Tuesday, July 19, 2011

GAWA2011, Day 12: Big Sur

The plan had never actually included an all-out tour of San Francisco. The only real items on our list were a fervent desire not to experience an earthquake and a wish to take some jumping pictures from the observation station near the Golden Gate Bridge.

The good news is that there were no earthquakes.

Tourist Ruth Visits the Golden Gate Bridge

The bad news is that California weather decided to be uncooperative. When we left the hotel in the morning, we were convinced that the fog would either blow over or be burnt away by the sun in the time it would take us to drive to the bridge. It did not. If anything, the fog thickened in direct proportion to our proximity to the water. By the time we reached the observation center, we could actually observe distinct billows of fog blowing across the parking lot.

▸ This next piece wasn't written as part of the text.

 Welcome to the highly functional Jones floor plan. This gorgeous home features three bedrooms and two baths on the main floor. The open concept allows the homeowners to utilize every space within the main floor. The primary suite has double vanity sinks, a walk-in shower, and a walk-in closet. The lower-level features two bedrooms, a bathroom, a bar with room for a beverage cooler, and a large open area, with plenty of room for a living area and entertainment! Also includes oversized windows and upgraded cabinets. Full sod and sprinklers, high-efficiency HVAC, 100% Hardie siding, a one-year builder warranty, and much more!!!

The good news is that we succeeded in not accidentally driving across the bridge, as we'd been convinced that we would do, and we did not therefore have to pay the toll. Instead, we redirected the Beetle for the day's next planned stop: CA Route 1, aka The Pacific Coast Highway. And the highway isn't technically a stop, since you drive on it, but you know what I mean.

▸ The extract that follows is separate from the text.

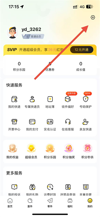 1、打開韻達快遞APP,在我的頁面點擊右上角設(shè)置圖標,進入設(shè)置界面。

After a brief incident in which we stopped at a small town in which none of the gas stations seemed to be in working order, we were driving along the coast, eagerly anticipating the promised stunning views.

Soon, we found ourselves in the vicinity of Big Sur. We stopped briefly to pick up some food, since I had found that hiking sounds much more enticing if one has sandwiches to eat at the end of the trail.

We wound our way through the dark coolness of towering sequoias and found the entrance to Big Sur State Park.

Feeling Small

The entrance to our trail of choice sported two signs: one an admonition to the hiker to help prevent the death of oak trees (rather a large responsibility to foist upon day visitors, if you were to ask me) and one a warning about mountain lions. Apparently these beasts don't like to be sneaked up upon, have been known to snatch people off the trails in order to eat and/or maul them, and are curiously attracted to small children. Neither of these signs made me more disposed to enjoy hiking.

The sign about mountain lions had recommended singing, talking loudly, and making plenty of noise along the trail so as not to surprise them and provoke an attack. As if I needed to be told.

Spirit of the Trees

After much winding up an down amongst the trees (and in one case, tripping over EVERYTHING, including the tripper's own feet), we reached an unimpressive waterfall, where we immediately dug into our backpacks and began scarfing down food.

Lunch spot

Keeping an eye on things

Mountain lions and nearly incessant tripping notwithstanding, we safely and successfully completed our hike, found where we'd parked the car, and pulled back onto Pacific Coast Highway. Unfortunately for me, it was my day to drive. As the breathtaking views along the coastal road undulated before us, Alissa looked out of her window and straight down sheer drop-offs with wonder as I gripped the steering wheel, white-knuckled, and attempted to keep a billow of wind from sweeping our toy car over the side and down into the sea. Initially, I drove so slowly that people behind me were honking their horns.1

Once we were through the foggy peaks, I was able to unclench my hands from the steering wheel long enough to pull over at turnouts and take a few pictures. What you see here captures only a fraction of the raw beauty of this area of California.

Big Sur

Big Sur

Big Sur

Once through the Big Sur region, we continued to drive south along the coast, almost always in sight of the sea. Alissa's head lolled loosely against the headrest as she slept through the most tortuous part of the drive: a section of road called Ragged Point. At times, the road went down to one lane due to the other lane having been destroyed either by a rock slide or by a raging ocean wave washing it into the Pacific.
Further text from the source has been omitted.